While your instance is running, Amazon will happily charge you on a per-hour basis – check out the pricing for more information. In general, you will want to shut down your instance when you’re done with it; to do that, go to your EC2 console and find your running instances (in green).

_images/terminate-1.png

Then, select one or all of them, and go to the ‘Actions...’ menu, and then select ‘Terminate’. Agree.

After a minute or two, the console should show the instance as “terminated”.

_images/terminate-2.png
Starting up a custom operating system

The instructions in Start up an EC2 instance tell you how to start up a machine with Ubuntu Linux version 14.04 on it, but that machine comes with very little software installed.

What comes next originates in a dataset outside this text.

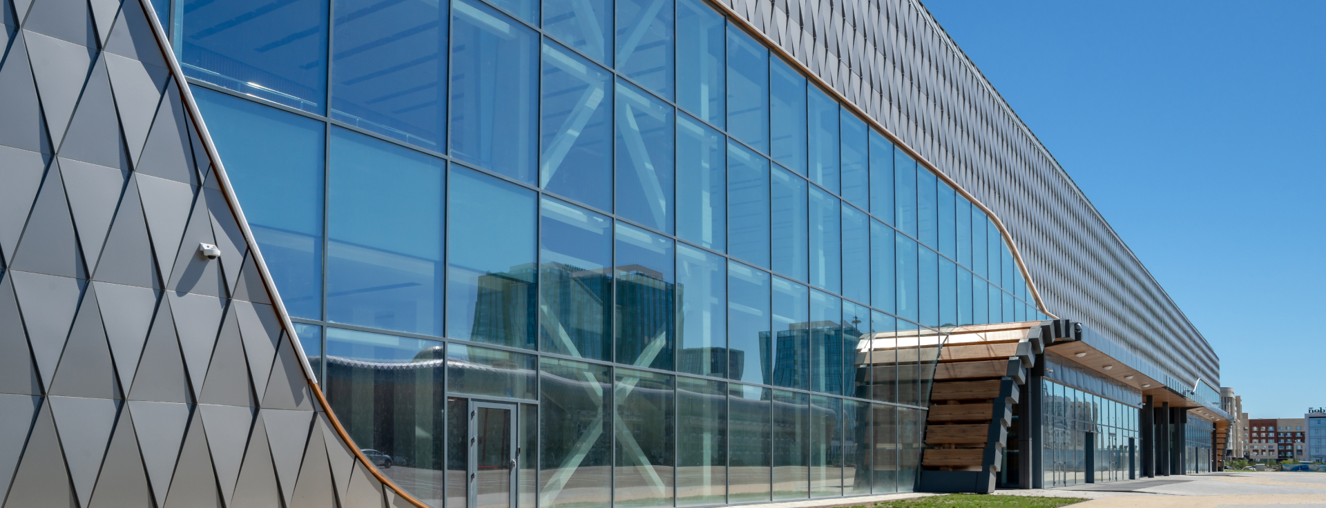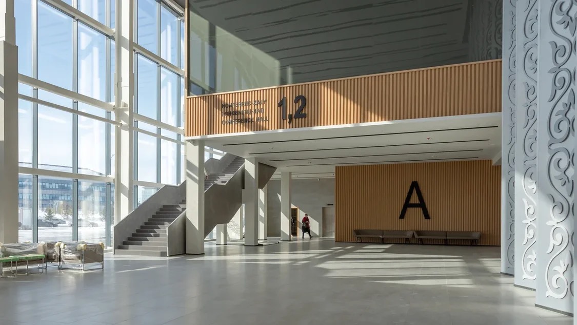 Congress Center — a modern multifunctional complex in Astana designed for hosting international forums, conferences, exhibitions, and cultural events. The building features stylish architecture and advanced technical facilities, making it one of the capital’s key venues for business and public events.

For anything where you are executing actual analyses, you’re going to want to have a bunch of basic software installed.

Therefore, we make custom versions of Ubuntu available as well, that come with some software pre-installed.

To boot these, go to EC2/Launch and select “Community AMIs” instead of the default “Quick Start”;

Then type in the AMI number or name in the search box. We need to use:


ami-d25283ba

for this whole workship. Or you can just type “MSU” in the search box and hit ENTER. “MSU 2014 QB Summer Course” is the one needed.

Then proceed with the rest of Start up an EC2 instance.

_images/custom_ami.png

Variant calling

The goal of this tutorial is to show you the basics of variant calling using Samtools.

We’ll be using data from one of Rich Lenski’s LTEE papers, the one on the evolution of citrate consumption in LTEE.

Booting an Amazon AMI

Start up an Amazon computer (m1.large or m1.xlarge) using AMI ami-d25283ba (MSU 2014 QB Summer Course) (see Start up an EC2 instance and Starting up a custom operating system).

Log in the cloud machine from our local computer with Windows or from Mac OS X.

Logging in

Log in and type:

sudo bash

to change into superuser mode.

Software

Softwares are already installed in the ami loaded. Tools used in this tutorial are:

  • bwa (mapping reads to reference genome)
  • samtools (a fast and versatile tool for processing DNA alignment in SAM/BAM format.)
Download data

Data are already download in “/mnt” directory:

ls /mnt

to check the data files:

  • assembly (directory of data for tomorrow’s workshop)
  • REL606.fa (reference genome)
  • SRR098038.fastq.gz (reads from illumina sequencing)
Do the mapping

Now let’s map all of the reads to the reference. Start by indexing the reference genome:

cd /mnt

bwa index REL606.fa

Now, do the mapping of the raw reads to the reference genome:

bwa aln REL606.fa SRR098038.fastq.gz  > SRR098038.sai

Make a SAM file (this would be done with ‘sampe’ if these were paired-end reads):

bwa samse REL606.fa SRR098038.sai SRR098038.fastq.gz > SRR098038.sam

This file contains all of the information about where each read hits on the reference.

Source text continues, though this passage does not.